TFAM enhances fat oxidation and attenuates high-fat diet-induced insulin resistance in skeletal muscle

Jin Ho Koh, Matthew L. Johnson, Surendra Dasari, Nathan K LeBrasseur, Ivan Vuckovic, Gregory C. Henderson, Shawna A. Cooper, Shankarappa Manjunatha, Gregory N. Ruegsegger, Gerald I. Shulman, Ian R Lanza, K Sreekumaran Nair

Research output: Contribution to journalArticle

Abstract

Diet-induced insulin resistance (IR) adversely affects human health and life span. We show that musclespecific overexpression of human mitochondrial transcription factor A (TFAM) attenuates high-fat diet (HFD)-induced fat gain and IR in mice in conjunction with increased energy expenditure and reduced oxidative stress. These TFAM effects on muscle are shown to be exerted by molecular changes that are beyond its direct effect on mitochondrial DNA replication and transcription. TFAM augmented the muscle tricarboxylic acid cycle and citrate synthase facilitating energy expenditure.
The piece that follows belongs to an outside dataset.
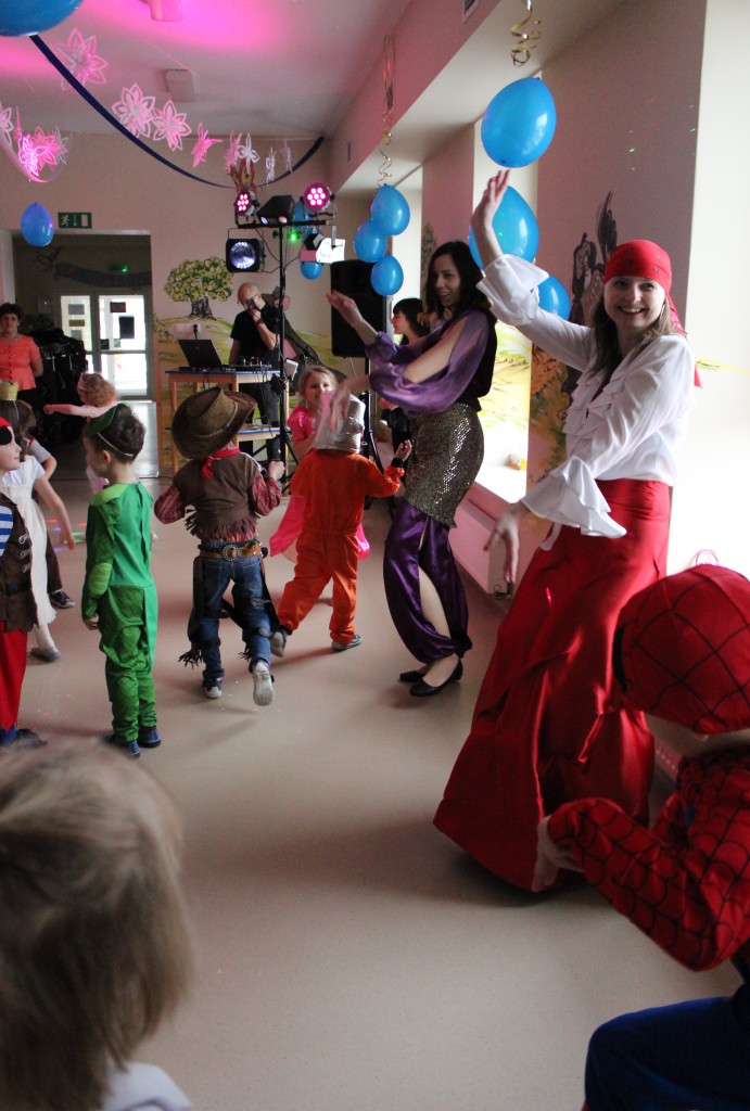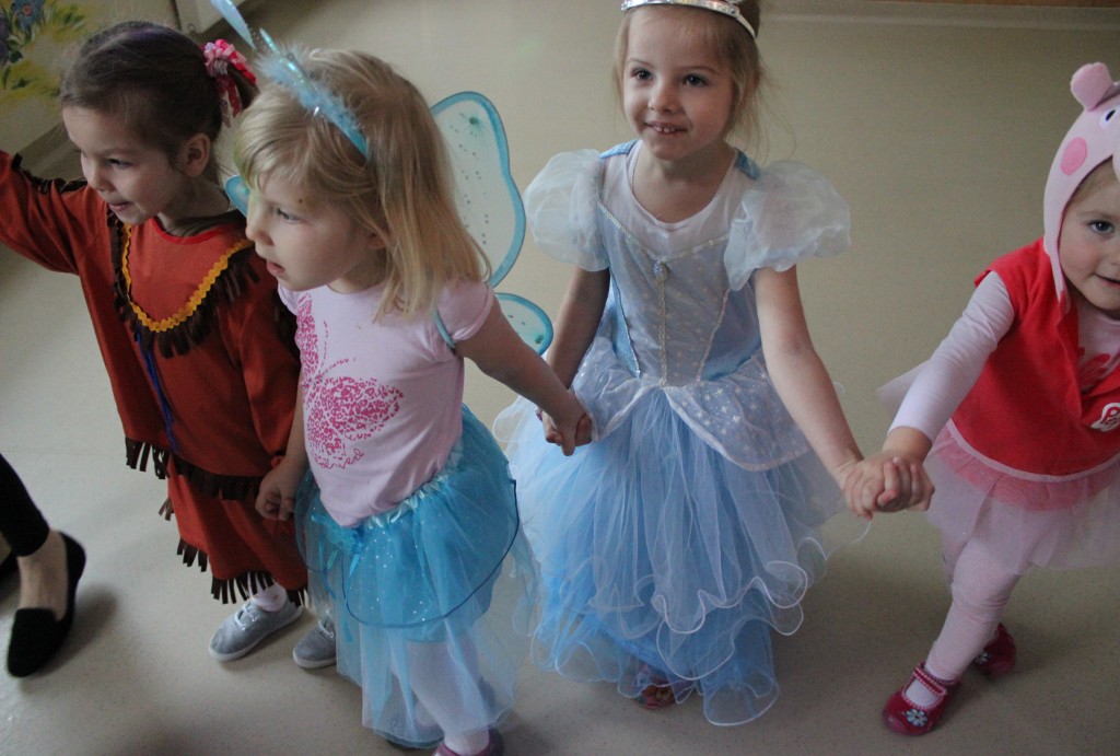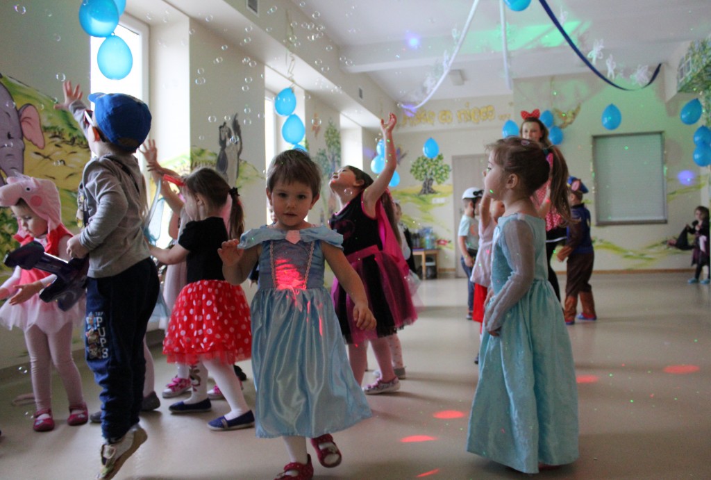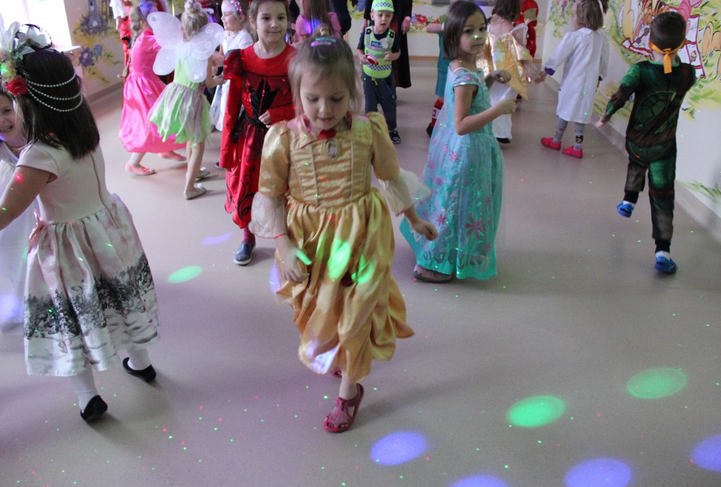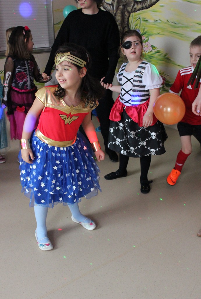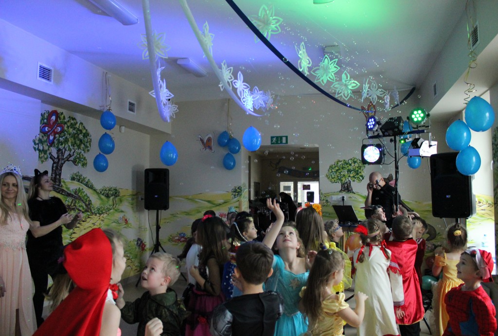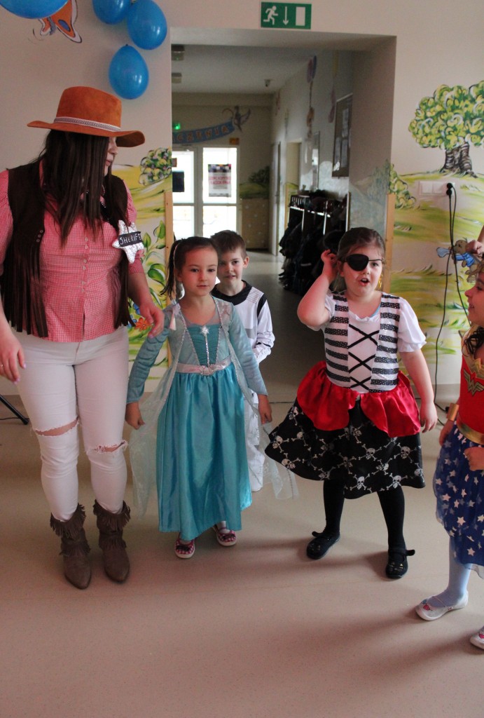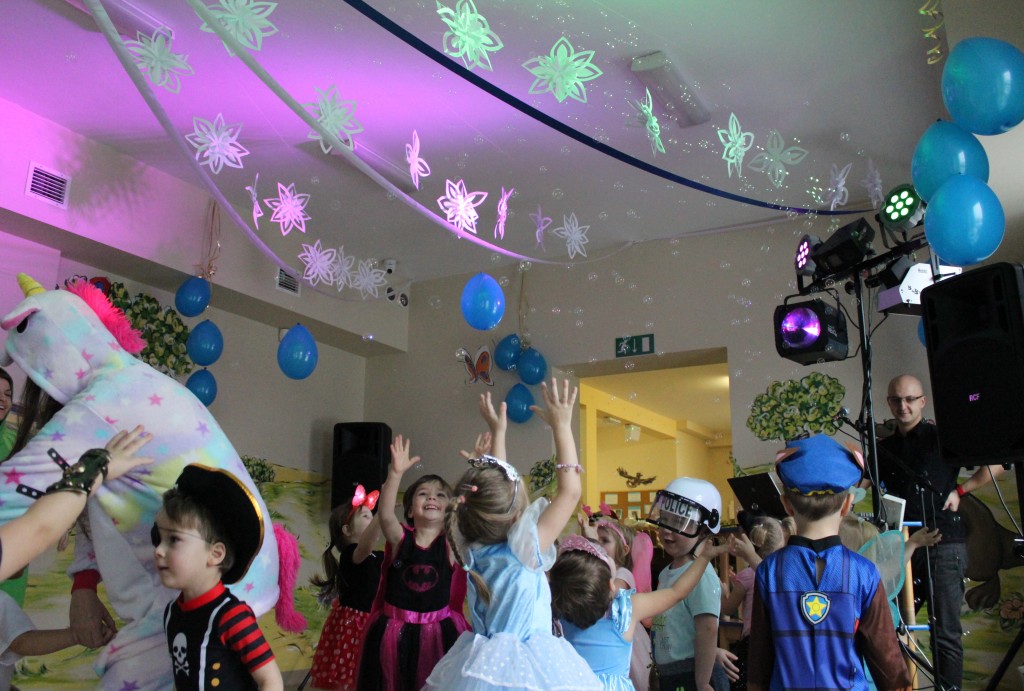 Pomysłowe przebrania sprawiły, że niektórzy byli nie do poznania. Na parkiecie ochoczo tańczyli bohaterowie bajek, komiksów, filmów a nawet smoki, dinozaury i przedstawiciele służb mundurowych. Był długi pociąg dookoła sali, kaczuszki i wiele innych zabaw integrujących wszystkie grupy. Największą atrakcją okazały się jednak bańki mydlane, których łapanie sprawiło dzieciom wiele radości. Takiego wesołego brykania nie powstydziłby się sam Tygrysek! Dobrą zabawę przedszkolaków zauważył i docenił również Kubuś Puchatek i zostawił każdemu małe co nieco oraz list z pozdrowieniami ze Stumilowego Lasu.

TFAM enhanced muscle glucose uptake despite increased fatty acid (FA) oxidation in concert with higher b-oxidation capacity to reduce the accumulation of IR-related carnitines and ceramides. TFAM also increased pAMPK expression, explaining enhanced PGC-1a and PPARb, and reversing HFD-induced GLUT4 and pAKT reductions. TFAM-induced mild uncoupling is shown to protect mitochondrial membrane potential against FA-induced uncontrolled depolarization. These coordinated changes conferred protection to TFAM mice against HFD-induced obesity and IR while reducing oxidative stress with potential translational opportunities.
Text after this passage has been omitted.